When working with large-scale data in PySpark, you'll frequently need to transform column values based on conditional logic. Whether you're categorizing continuous variables, cleaning data...

Key Insights

  • PySpark’s when/otherwise provides a distributed-friendly alternative to pandas’ apply() or dictionary mapping, executing transformations in parallel across cluster nodes without serialization overhead
  • Chain multiple when() clauses to build complex conditional logic that remains readable and maintainable, with otherwise() serving as the final fallback case
  • Explicit null handling in your conditions prevents unexpected behavior—PySpark doesn’t treat null comparisons the same way as Python’s None

Introduction to Column Mapping in PySpark

When working with large-scale data in PySpark, you’ll frequently need to transform column values based on conditional logic. Whether you’re categorizing continuous variables, cleaning data inconsistencies, or engineering features for machine learning, conditional mapping is a fundamental operation.

Unlike pandas where you might reach for apply() with a lambda function or dictionary mapping with map(), PySpark requires a different approach. The when() and otherwise() functions from pyspark.sql.functions are specifically designed for distributed environments. They generate optimized execution plans that Spark can parallelize across your cluster, avoiding the serialization costs and performance penalties of user-defined functions (UDFs).

Let’s start with a sample dataset we’ll use throughout this article:

from pyspark.sql import SparkSession
from pyspark.sql.functions import when, col

spark = SparkSession.builder.appName("ColumnMapping").getOrCreate()

data = [
    (1, "John", 25, "premium", 1500),
    (2, "Sarah", 17, "standard", 300),
    (3, "Mike", 34, "premium", 2500),
    (4, "Emma", 45, "standard", 800),
    (5, "Alex", 16, None, 150),
    (6, "Lisa", 29, "premium", 500)
]

df = spark.createDataFrame(data, ["id", "name", "age", "customer_type", "purchase_amount"])
df.show()

Basic when/otherwise Syntax

The when() function evaluates a boolean condition and returns a specified value when true. The otherwise() function provides the default value when none of the conditions match. Think of it as PySpark’s equivalent to SQL’s CASE WHEN statement or Python’s ternary operator, but designed for DataFrame columns.

The basic structure is:

when(condition, value).otherwise(default_value)

Here’s a simple example that categorizes people as adults or minors:

from pyspark.sql.functions import when

df_with_category = df.withColumn(
    "age_category",
    when(col("age") >= 18, "adult")
    .otherwise("minor")
)

df_with_category.select("name", "age", "age_category").show()

Output:

+-----+---+------------+
| name|age|age_category|
+-----+---+------------+
| John| 25|       adult|
|Sarah| 17|       minor|
| Mike| 34|       adult|
| Emma| 45|       adult|
| Alex| 16|       minor|
| Lisa| 29|       adult|
+-----+---+------------+

Notice we use col("age") to reference the column.
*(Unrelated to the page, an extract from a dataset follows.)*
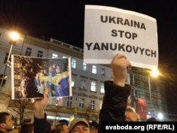 Несколько тысяч человек вышли на Вацлавскую площадь столицы Чехии, чтобы выразить солидарность с украинским Майданом и почтить память погибших.

You can also use the DataFrame’s column accessor with df.age or df["age"], but col() is more explicit and works consistently across different contexts.

Chaining Multiple Conditions

Real-world scenarios rarely involve simple binary logic. You’ll often need to evaluate multiple conditions in sequence. Chain multiple when() calls together, with each subsequent condition evaluated only if the previous ones were false.

Let’s map numeric scores to letter grades:

# First, let's add a score column to our data
scores_data = [
    (1, "John", 92),
    (2, "Sarah", 87),
    (3, "Mike", 76),
    (4, "Emma", 64),
    (5, "Alex", 45),
    (6, "Lisa", 98)
]

scores_df = spark.createDataFrame(scores_data, ["id", "name", "score"])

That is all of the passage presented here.